La festa di San Vito è sicuramente la più sentita dai Regalbutesi e si svolge, sin dai tempi più antichi, in commemorazione della traslazione delle. Questa inizia giorno 8 Agosto, con la “processione dell’alloro”. Si chiama così perché tutti i partecipanti portano fra le braccia dei fasci di alloro che viene raccolto nelle campagne del vicino paese di Agira (alcuni devoti vi si recano a piedi e scalzi come voto per grazie ricevute dal Santo). La processione parte dalla Chiesa dei Cappuccini ed è preceduta da uomini che portano i pesanti “pali” ricoperti di alloro e guarniti da tanti fazzoletti di seta di vari colori, seguono poi i numerosissimi fedeli ed infine uomini su cavalli, elegantemente bardati. Un tempo, questi cavalieri, lungo tutto il tragitto della processione, sparavano per aria con le “scupette”, in onore di San Vito. Si racconta che la gente, andando a raccogliere l’alloro, nelle vicine montagne ricoperte da fitti boschi, per difendersi da lupi e ladri che vi abitavano, portava con se fucili e munizioni che, se non subivano attacchi, venivano sparate al rientro, in segno di giubilo. Questa usanza rimase fino agli anni 60, poi è stata abolita per i continui incidenti che essi causavano. La processione sfila per le principali vie del paese: Via Garibaldi, Via G. F. Ingrassia, Via Don G. Campione, Via Roma, di nuovo Via G. F. Ingrassia e arriva in Piazza della Repubblica dove avviene la benedizione dell’alloro da parte del Parroco. Il secondo giorno, si portano le reliquie del Santo (il mezzo busto, il piede ed il braccio) nella Chiesetta di Piazza San Vito e si celebra la funzione. Il terzo giorno, le stesse reliquie, vengono portate nella Chiesa di San Domenico e viene celebrata una funzione. L’ultimo giorno, la statua del santo viene portata in processione per le vie della città e, nella tarda serata, la festa si conclude con un meraviglioso gioco di fuochi d’artifìcio.

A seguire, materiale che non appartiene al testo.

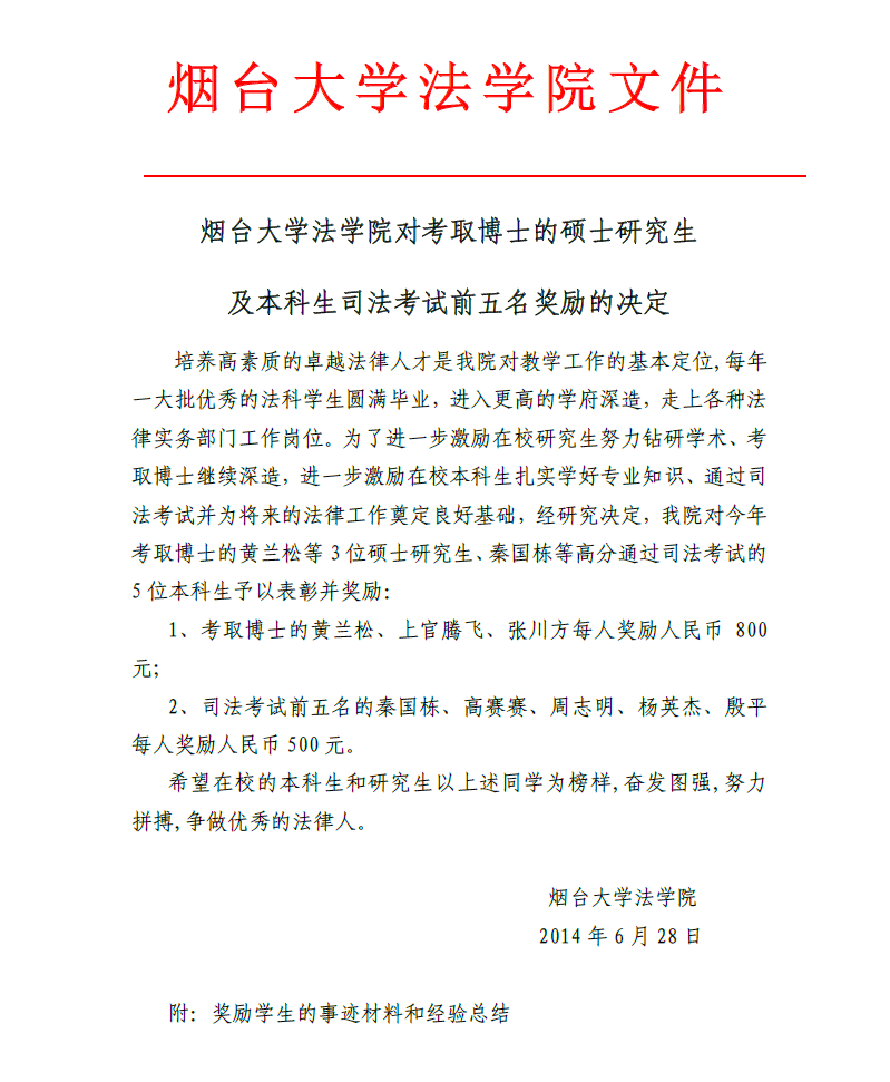 对考取博士的硕士研究生及本科生司法考试前五名奖励的决定

La Madonna del Perpetuo Soccorso
Questa festa in dialetto, che si celebra l’8 settembre, viene chiamata “A Madonna a mazza” perché la Madonna tiene in mano una mazza, quale simbolo di allontanamento del male. Questa figura è rappresentata nello stendardo del Comune, in quanto protettrice dello stesso. La vigilia della festa si usa fare un gioco in cui alcuni cavalieri, bardati a festa, devono riuscire a rompere con un pugno un “bummulo” legato al centro di una corda tesa fra due balconi, con dentro una sorpresa che può essere un coniglio, un gallo,….acqua o crusca. E’ una festa patrocinata dalla Chiesa di Santa Maria a cui appartiene la statua e si svolge in Piazza Vittorio Veneto.